Voting Happenstance… Or Enemy Action?

Voting booths in Portsmouth. Photo credit: Virginian-Pilot
Voting booths in Portsmouth. Photo credit: Virginian-Pilot

My sister Mary Bacon walked into the Precinct 101 voting station at the St. James Armenian Church in Richmond around 7:45 a.m. today. She was working through her ballot when a woman in the voting booth next to her exclaimed, “Hey, half my ballot is filled out!”

The two-sided paper ballot, which had state and local races on the second page, had all the local races marked. The woman complained, the local electoral volunteers gave her a new ballot, and that was that. No one else voiced a similar problem while Mary was in the room, and no one got exercised about the incident.

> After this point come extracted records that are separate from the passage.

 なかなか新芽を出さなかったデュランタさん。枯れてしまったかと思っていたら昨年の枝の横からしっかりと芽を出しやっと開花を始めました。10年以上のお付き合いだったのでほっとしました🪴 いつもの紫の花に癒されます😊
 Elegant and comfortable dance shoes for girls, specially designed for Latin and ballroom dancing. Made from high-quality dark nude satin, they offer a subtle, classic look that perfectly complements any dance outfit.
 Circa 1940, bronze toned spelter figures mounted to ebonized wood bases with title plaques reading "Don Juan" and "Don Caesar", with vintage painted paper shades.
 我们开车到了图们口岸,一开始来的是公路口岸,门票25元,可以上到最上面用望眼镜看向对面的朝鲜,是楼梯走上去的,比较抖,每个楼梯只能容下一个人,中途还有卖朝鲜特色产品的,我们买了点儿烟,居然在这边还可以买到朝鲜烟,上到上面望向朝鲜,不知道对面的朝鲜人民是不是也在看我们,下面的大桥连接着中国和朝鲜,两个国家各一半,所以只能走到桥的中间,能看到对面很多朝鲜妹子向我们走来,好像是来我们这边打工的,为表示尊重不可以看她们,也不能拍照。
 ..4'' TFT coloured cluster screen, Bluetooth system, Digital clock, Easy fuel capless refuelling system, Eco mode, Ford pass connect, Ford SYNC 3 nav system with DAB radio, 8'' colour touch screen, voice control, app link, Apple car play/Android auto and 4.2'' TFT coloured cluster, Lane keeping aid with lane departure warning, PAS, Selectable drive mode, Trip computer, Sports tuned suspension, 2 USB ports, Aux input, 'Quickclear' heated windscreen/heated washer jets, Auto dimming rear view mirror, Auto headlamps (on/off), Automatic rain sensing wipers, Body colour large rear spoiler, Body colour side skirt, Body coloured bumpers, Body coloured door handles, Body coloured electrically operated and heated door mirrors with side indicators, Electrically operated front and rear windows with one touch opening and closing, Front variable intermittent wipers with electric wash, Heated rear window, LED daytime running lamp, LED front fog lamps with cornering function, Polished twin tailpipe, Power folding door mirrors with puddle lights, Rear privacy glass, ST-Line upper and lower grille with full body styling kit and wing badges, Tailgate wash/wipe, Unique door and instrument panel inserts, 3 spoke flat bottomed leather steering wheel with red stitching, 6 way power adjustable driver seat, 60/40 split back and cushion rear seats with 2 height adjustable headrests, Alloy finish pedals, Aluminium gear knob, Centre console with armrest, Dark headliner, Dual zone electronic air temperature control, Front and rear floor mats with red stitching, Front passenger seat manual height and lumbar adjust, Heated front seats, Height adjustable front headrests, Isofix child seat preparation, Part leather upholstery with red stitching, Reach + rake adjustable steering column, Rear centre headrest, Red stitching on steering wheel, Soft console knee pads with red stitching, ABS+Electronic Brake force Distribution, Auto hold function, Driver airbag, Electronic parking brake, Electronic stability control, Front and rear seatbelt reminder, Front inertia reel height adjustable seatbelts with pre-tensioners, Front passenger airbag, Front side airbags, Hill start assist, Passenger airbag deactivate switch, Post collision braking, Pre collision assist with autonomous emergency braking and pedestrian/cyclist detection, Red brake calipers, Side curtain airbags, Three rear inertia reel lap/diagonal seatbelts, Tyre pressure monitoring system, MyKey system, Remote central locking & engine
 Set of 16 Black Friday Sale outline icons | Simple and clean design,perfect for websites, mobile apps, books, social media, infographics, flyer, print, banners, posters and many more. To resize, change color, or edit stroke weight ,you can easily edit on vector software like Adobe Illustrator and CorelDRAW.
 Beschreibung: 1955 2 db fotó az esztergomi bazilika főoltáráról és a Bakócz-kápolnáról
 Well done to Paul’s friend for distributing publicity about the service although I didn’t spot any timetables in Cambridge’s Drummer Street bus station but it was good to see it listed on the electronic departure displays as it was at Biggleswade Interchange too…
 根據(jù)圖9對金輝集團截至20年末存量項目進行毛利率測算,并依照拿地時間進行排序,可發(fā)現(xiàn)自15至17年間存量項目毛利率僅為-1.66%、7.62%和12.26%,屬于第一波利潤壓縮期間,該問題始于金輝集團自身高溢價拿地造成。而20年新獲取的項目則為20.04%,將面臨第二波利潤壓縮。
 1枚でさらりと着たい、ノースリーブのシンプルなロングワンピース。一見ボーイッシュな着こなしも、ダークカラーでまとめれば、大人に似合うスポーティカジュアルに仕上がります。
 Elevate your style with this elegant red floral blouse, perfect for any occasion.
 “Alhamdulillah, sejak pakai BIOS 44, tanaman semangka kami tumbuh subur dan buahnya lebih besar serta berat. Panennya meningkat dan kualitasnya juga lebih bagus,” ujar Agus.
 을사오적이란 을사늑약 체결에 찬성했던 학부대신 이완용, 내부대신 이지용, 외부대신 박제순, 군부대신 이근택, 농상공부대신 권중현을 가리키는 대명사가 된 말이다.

Except Mary. “I was stunned,” she told me. “I’ve never seen anything like that.”

She called the Richmond registrar’s office to lodge a complaint, or pursue whatever procedure would get the incident on record. The receptionist told her that there was nothing she could do. There were no mechanisms to file a complaint. The precinct manager would take care of it.

In all likelihood, the incident was a fluke. If you want to tamper with the election, you don’t do it by slipping filled-out ballots to voters who, like the woman in Precinct 101, would raise a hue and cry.

But who knows for sure? Mary didn’t think to ask which candidates were marked on the ballot. Given the intensity of the City of Richmond mayor’s race, it would be interesting to know which mayoral candidate had been pre-selected. If anyone was playing hanky-panky with the electoral process, that would be the first place I’d look.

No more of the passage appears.